The problem with diy construction is that it requires precise cooperage skills to ensure watertightness. I've experimented with scaffolding board and an old pond liner and have made an oblong tub that is watertight. I plan to have a tub liner made to measure (about £200) and install a woodfired heater (about £400). The thing is I would much preffer a circular tub. The way I think that a circular tub could be made would be using three foot high sections of saffold board (I've got dozens of these boards). I'm planning to create a D shaped groove along the length of one side of these boards and plane the opposite side into a shallow C shape. The boards will fit together with the C side of one board fitting into the D side of its partner. I'm thinking that this will obviate the need for precise joint measurements. The base will be a circle of marine ply. Waterproofing will be provided by a vinyl liner.

My problem is that I have very basic carpentry skills. Would it be easy to make a curved edge on one side of an inch and a half board and a C shaped groove on the other using a router? I've never used a router. Any advice would be appreciated.

Cheers!
 
Hi Blair, and welcome to the forum.

What's the proposed diameter of your hot tub? The C?D technique you describe is viable, I think, but you also need to consider how you are going to prevent them all falling away from each other, leaving party goers less submerged than you intended and not knowing what to reach for first.

Routing the C/D joint will require specialist router cutters and they in turn will probably specify router table use only. and you'll need a substantial table to take a 3ft scaffolding board. I think a better way, for a one-off job at least, would be to get hold of an old-fashioned pair of round & hollow planes. It'll be a bit of a workout for you, but straighforward.

That's how I would cut such a joint, anyway.

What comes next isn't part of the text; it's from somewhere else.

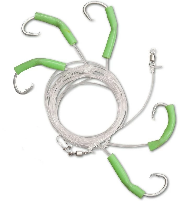 Dieses Rotbarsch-Vorfach besteht aus 5 Einzelhaken Systemen mit je einem Einzelhaken der Größe 7/0 für eine Garnele oder Fischfetzen, sowie einem Leuchtschlauch an jedem Haken. Die Hauptschnur hat ein Stärke von 1,00mm mit einer Tragkraft von 50Kg. Die Gesamtlänge beträgt 500cm. Das Vorfach ist ideal für das Bootsangeln auf Rotbarsch. Die Lieferung erfolgt auf einem runden Aufwickler.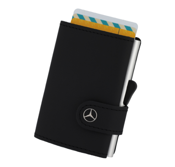 El llavero con aspecto de fibra de carbono presenta el logotipo AMG en la parte delantera y un detalle rojo alrededor del borde. En términos de funcionalidad, este llavero tampoco defrauda. Además del anillo dividido plano, hay tres anillos divididos en miniatura adicionales para la extracción o el reemplazo rápido de llaves individuales.

How are the Scandinavian ones made?

Cheers
Steve
 
Steve, thanks for the welcome. I've seen some tubs that are assembled with the "ball and socket" method I've described. This is only viable with tubs that do not taper and have a consistent circumference from top to bottom (fine by me), other tubs taper in at the bottom and seem to be made by planing a slight angle along each side of every board. I think that they use computer measuring to do this though.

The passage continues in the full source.